The landlord of our student house had been round a few weeks earlier and savagely felled all the trees in our garden and left all the branches and twigs outside the house making the whole place look like the Blair Witch Woods.

So we decided as it was November 5th to invite a load of people over and have a bonfire party. So we cut up all the wood, piled it into a sizeable bonfire and attempted to light it in the traditional way - unwilling to give it some time, a bright spark in the group nips off to the garage and returns with a can of petrol - which he proceeds to pour onto the bonfire without noticing the lick of flame in the depths of the wood.

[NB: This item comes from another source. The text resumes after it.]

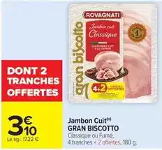 Actuellement en offre chez Carrefour Market : Rovagnati - jambon cuit ✅ Valable du 20-01 au 2-02.

Cue, eight foot blast of fire! Petrol can catches fire. Unfortunately, the perpetrator's mind deactivates momentarily and he runs around holding the flaming can accompanied by the voices of thirty people shouting 'drop it you twat!'

He finally drops the can which spills out and leaves a lake of burning fuel on the lawn of the house, very close to the pavement and nearby road. As we discuss the relative merits of calling the fire brigade, I attempt to warn passing pedestrians - unfortunately they are not convinced by my 'i'd cross the road mate, there's a load of petrol on fire down there' warning - that is until they feel the searing heat of the three foot column of flaming petrol.

Long story short, whilst our invited guests (and my other housemates) cower around the corner I singlehandedly put out the fire using every single tea towel in the house and a bath mat. Hurrah!

We did manage to light the bonfire which attracted a guy from across the road who long after we'd all gone inside stood out in the pissing rain and stoked the bonfire whilst we peeked out from behind the curtains to watch him dancing around the fire in a tribal fashion. And it attracted another bloke who was off his tits on something and wandered uninvited into our house for a bit, well until we threw him out. Corner of Winston Mount & Headingley Mount, Headingley, Leeds, November 5th 2003 - were either of these people you?

Sorry, that's quite a long story really - not entirely sure it was worth it now?!